Collected material
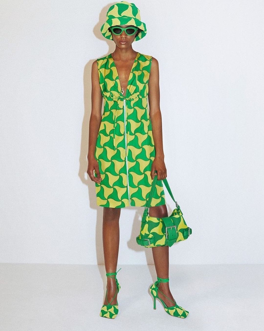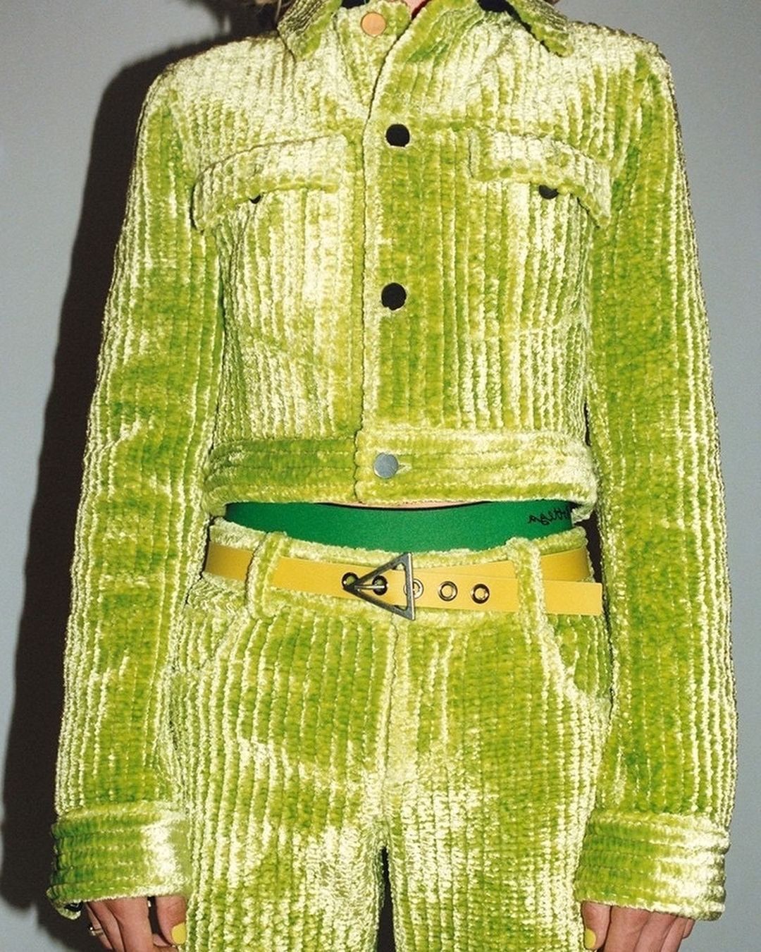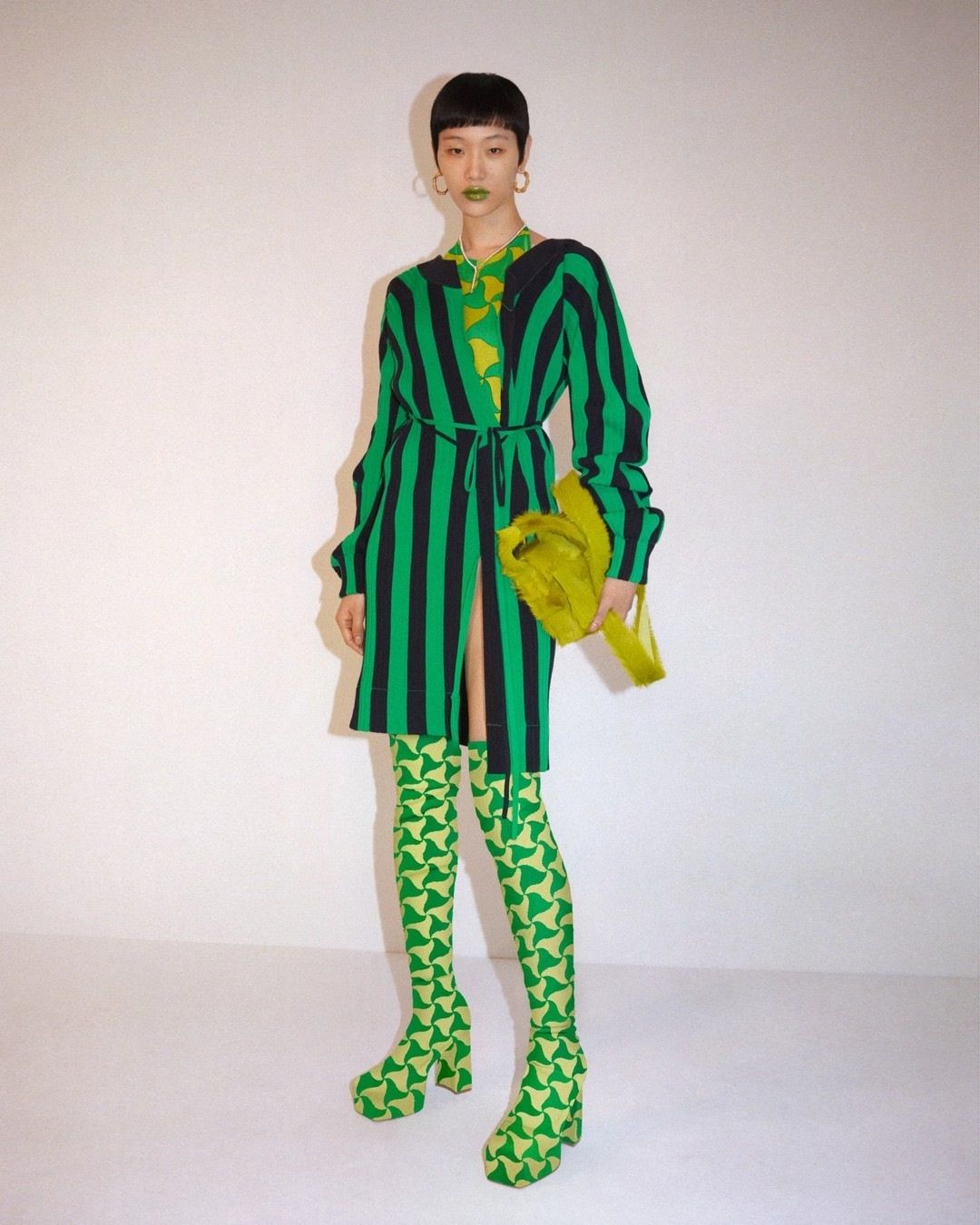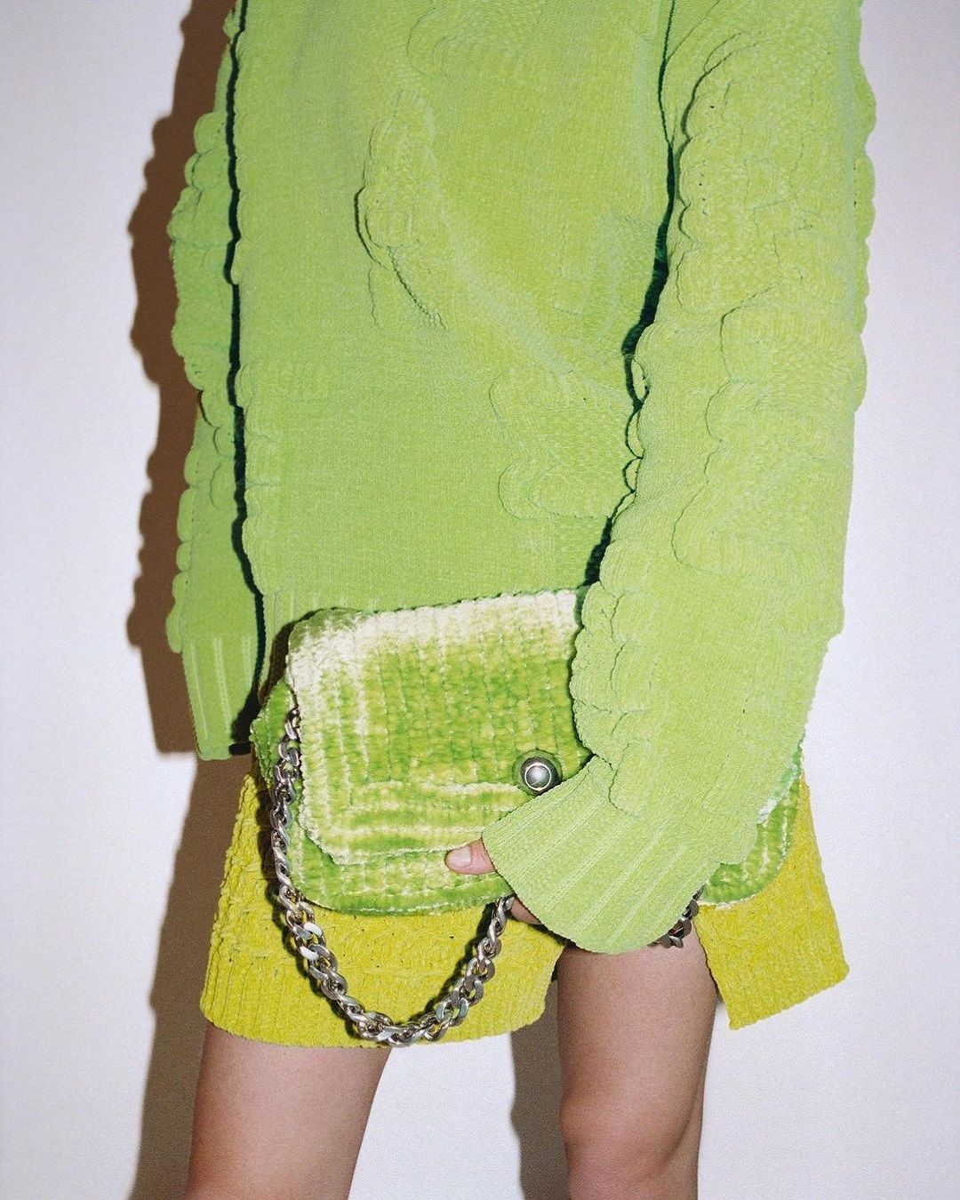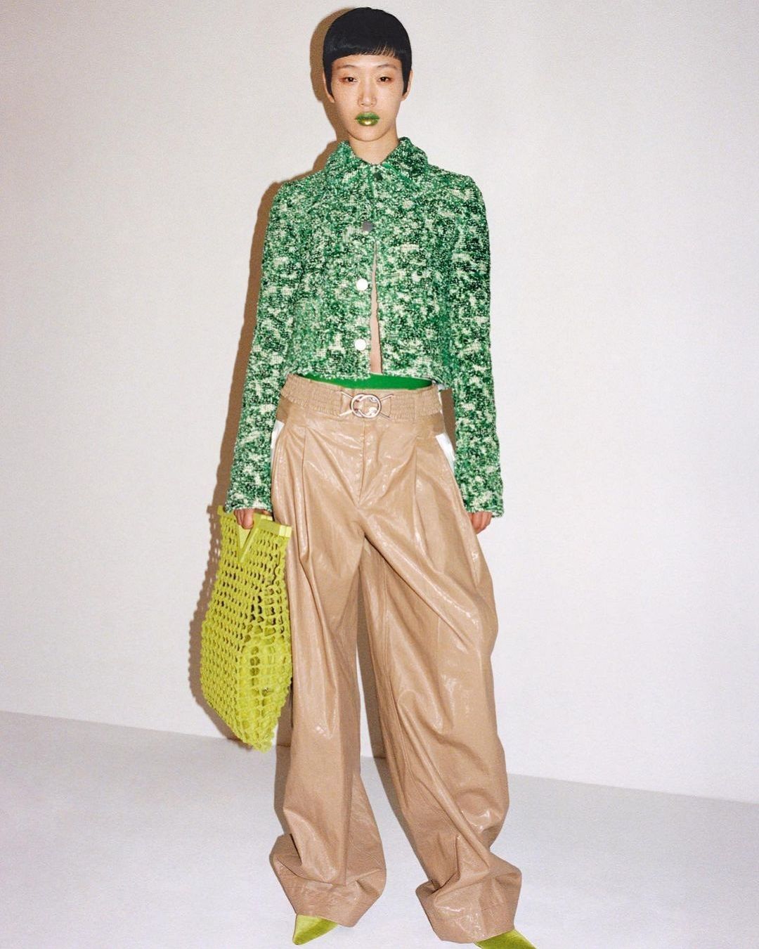 C’è una sorta di ottimismo edonista nei tanti look di Wardrobe 03. Si può leggere nei colori che vanno dal classico B&W che si accende poi di giallo, verde, arancione, rosso, rosa e azzurro; ma anche nei tessuti che comprendono denim, velluto a coste, tweed, shearling, ciniglia, cotta di maglia specchiata e pelle dal finish glossy. Il lusso è nei dettagli e nei ruggenti anni '20 versione 2.0 che reclamano un ritorno alla moda degno di tale nome. Le lavorazioni intricate caratteristiche del marchio non trasformano la pelle ma questa volta i cristalli in minidress e it-bag. Nelle cuciture verde acido che spiccano sui jeans, nei patter caledoscopici che regalano un twist funny ai cappotti in shearling, nei colori fluo che svecchiano il velluto a coste è chiaramente presente la firma del designer inglese che ha portato Bottega Veneta alla sua posizione odierna come brand iper-desiderato nel mercato del lusso.
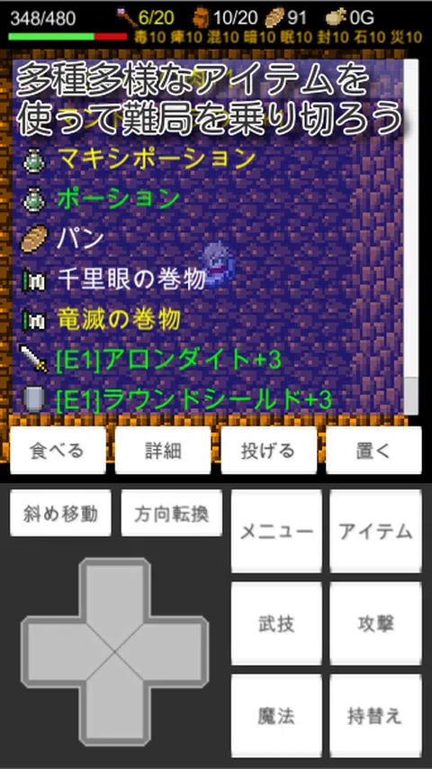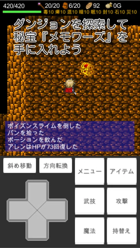 Rogue Memowords是一款以回合为基础的地下城搜索roguelike游戏,以其神秘的地下城系列而闻名。 【游戏特色】 ·每次进入时都会改变形状的地牢 ·如果玩家行动一次,敌人也行动一次(转身系统) ·120个独特的怪物 ·超过150项,超过50项技术和魔力 ·黑客和类似斜线的增长系统 ·收集和加强特殊项目“Memowards” ·超过500个收藏元素,如插图书籍和标题 【游戏基础】 游戏的基础遵循一般回合制的地下城搜索roguelike游戏。 因此,如果您玩过其他roguelike游戏,只需查看操作方法就可以在某种程度上发挥作用。 [与常见的roguelike游戏的主要区别] ·所有地牢中都会出现称为地板效果的地下城特效 - 地下楼梯不能在开始捕捉地板的阶段使用,但可以使用黄色魔法圈首先打开封印 ·可以通过获取名为Memowords的特殊项目来选择初始能力 ·玩家角色通过吃掉在没有经验点和升级概念的情况下击败怪物时可以获得的肉来增长 ·能装备多个武器和装甲,装备的东西可以在不转弯的情况下改变 ·有一种叫做武术的技术系统,通过记忆可以在房间内无限制地使用它 ·魔术采用普通MP系统,但MP不会自动恢复,但只能在你打开楼梯或使用物品的时间恢复 [游戏目的] 第一个目标是征服五个地下城(以获得远端的备忘录)。 由于Memords不仅在最深处,而且每5级都在下降,所以首先尝试在任何地牢中获得第一个Memords。 【游戏流程】 基本流程如下。 1。挑战地牢并获得备忘录 2。 (如果有多个记忆)结合并加强获得的记忆 3。通过使用获取/增强备忘录深入了解图层,获得更深入的备忘录 重复步骤4
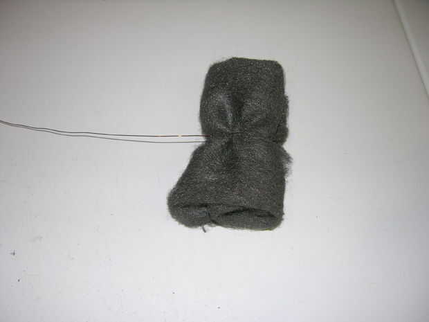 Envolver el alambre alrededor del centro de la lana de acero y atarla en.
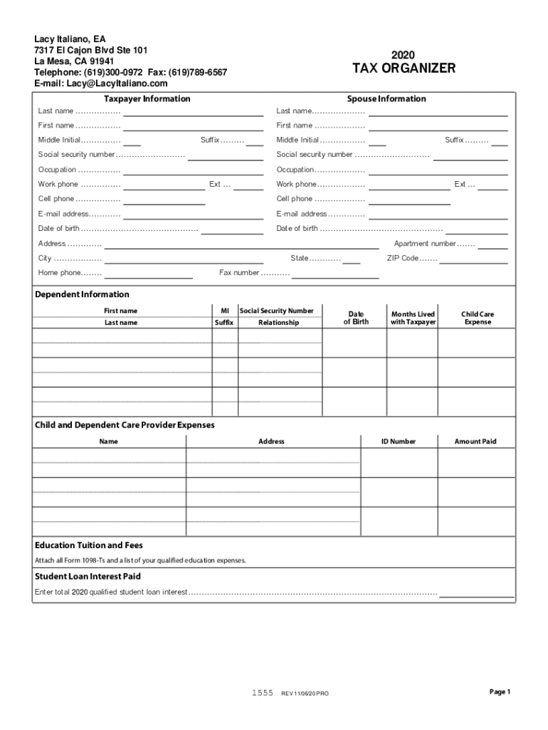 Email: Lacy@LacyItaliano.com2020TAX ORGANIZERTaxpayer InformationSpouse Informational name .................

Task description
Transcribe the material above word for word; images do not belong in the copy.

Solution to this exercise
 C’è una sorta di ottimismo edonista nei tanti look di Wardrobe 03. Si può leggere nei colori che vanno dal classico B&W che si accende poi di giallo, verde, arancione, rosso, rosa e azzurro; ma anche nei tessuti che comprendono denim, velluto a coste, tweed, shearling, ciniglia, cotta di maglia specchiata e pelle dal finish glossy. Il lusso è nei dettagli e nei ruggenti anni '20 versione 2.0 che reclamano un ritorno alla moda degno di tale nome. Le lavorazioni intricate caratteristiche del marchio non trasformano la pelle ma questa volta i cristalli in minidress e it-bag. Nelle cuciture verde acido che spiccano sui jeans, nei patter caledoscopici che regalano un twist funny ai cappotti in shearling, nei colori fluo che svecchiano il velluto a coste è chiaramente presente la firma del designer inglese che ha portato Bottega Veneta alla sua posizione odierna come brand iper-desiderato nel mercato del lusso.
 Rogue Memowords是一款以回合为基础的地下城搜索roguelike游戏,以其神秘的地下城系列而闻名。 【游戏特色】 ·每次进入时都会改变形状的地牢 ·如果玩家行动一次,敌人也行动一次(转身系统) ·120个独特的怪物 ·超过150项,超过50项技术和魔力 ·黑客和类似斜线的增长系统 ·收集和加强特殊项目“Memowards” ·超过500个收藏元素,如插图书籍和标题 【游戏基础】 游戏的基础遵循一般回合制的地下城搜索roguelike游戏。 因此,如果您玩过其他roguelike游戏,只需查看操作方法就可以在某种程度上发挥作用。 [与常见的roguelike游戏的主要区别] ·所有地牢中都会出现称为地板效果的地下城特效 - 地下楼梯不能在开始捕捉地板的阶段使用,但可以使用黄色魔法圈首先打开封印 ·可以通过获取名为Memowords的特殊项目来选择初始能力 ·玩家角色通过吃掉在没有经验点和升级概念的情况下击败怪物时可以获得的肉来增长 ·能装备多个武器和装甲,装备的东西可以在不转弯的情况下改变 ·有一种叫做武术的技术系统,通过记忆可以在房间内无限制地使用它 ·魔术采用普通MP系统,但MP不会自动恢复,但只能在你打开楼梯或使用物品的时间恢复 [游戏目的] 第一个目标是征服五个地下城(以获得远端的备忘录)。 由于Memords不仅在最深处,而且每5级都在下降,所以首先尝试在任何地牢中获得第一个Memords。 【游戏流程】 基本流程如下。 1。挑战地牢并获得备忘录 2。 (如果有多个记忆)结合并加强获得的记忆 3。通过使用获取/增强备忘录深入了解图层,获得更深入的备忘录 重复步骤4
 Envolver el alambre alrededor del centro de la lana de acero y atarla en.
 Email: Lacy@LacyItaliano.com2020TAX ORGANIZERTaxpayer InformationSpouse Informational name .................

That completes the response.